In the end, Lan Xi was unable to draw out what the attacker imagined he said in his sleep, so he asked whether he minded going under hypnotherapy. Unexpectedly, the attacker once again blew up at this suggestion, lunging at Lan Xi and strangling him until the military police finally came in and pried him off. Leaving the brig, one MP who had overheard the conversation said to Lan Xi, “Lieutenant Colonel, don’t mention hypnotherapy again unless CSD2 wants to become the most hated place on the ship. You wouldn’t last very long.”
So Lan Xi had to contact Colonel Scott, a psychologist aboard Enterprise. Scott also served as the ship’s chaplain, a position most ships in the Asian Fleet did not have. Enterprise and the other three ships in the pursuing force were still two hundred thousand kilometers away.
“Why is it so dark over there?” Lan Xi asked as he looked at the video sent over from Enterprise. The curved walls of the cabin Scott was in had been adjusted to glow a faint yellow, and they displayed an image of the stars outside, making it look as if he was inside a fogged-over cosmos. His face was shrouded in shadow, but even so, Lan Xi could still sense Scott’s eyes slipping quickly away from his gaze.
“The Garden of Eden is growing dark. Blackness will swallow everything,” Scott said in a weary voice.
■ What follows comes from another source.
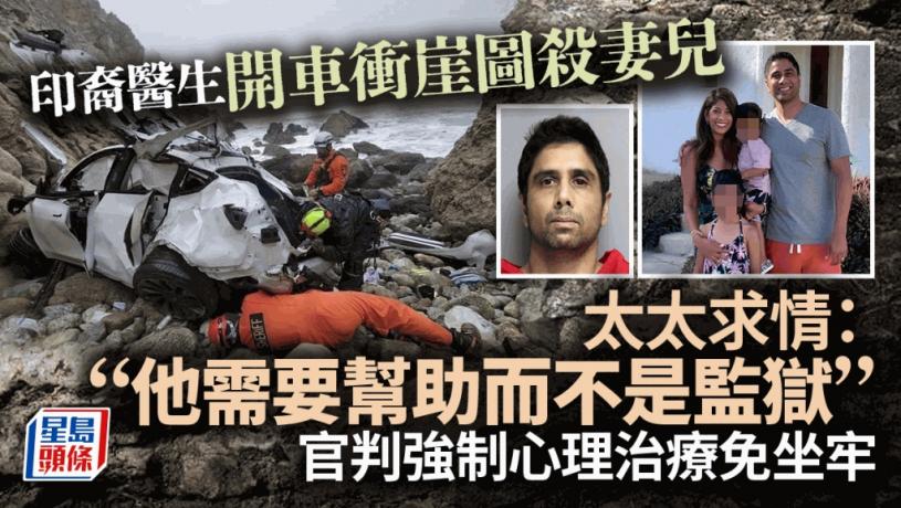 美國一名南加州印裔醫生去年1月駕駛汽車,連同車上妻兒一家4口衝落懸崖,被控謀殺未遂,高等法院一名法官周四裁定他有資格參加心理健康轉送計劃,無需入獄。如果他能完成該計劃,相關刑事指控將被撤銷。

Lan Xi had consulted him because, as chaplain of Enterprise, he would likely have had people confide the truth in him during confession, and he might be able to pass on some advice. But at these words, and noticing how the colonel’s eyes loomed in the shadows, Lan Xi knew that he would come up with nothing. So he suppressed the question he was about to ask and turned to another, one that surprised even him:
“Will what happened in the first Garden of Eden be repeated in the second?”
“I don’t know. At any rate, the vipers have come out. The snakes of the second Garden of Eden are even now climbing up people’s souls.”
“You mean, you’ve eaten the fruit of knowledge?”
Scott slowly nodded. Then he bowed his head, but did not raise it again, as if he was trying to hide the eyes that would betray him. “You could say that.”
“Who will be expelled from the Garden of Eden?” Lan Xi’s voice quavered, and a cold sweat was on his palms.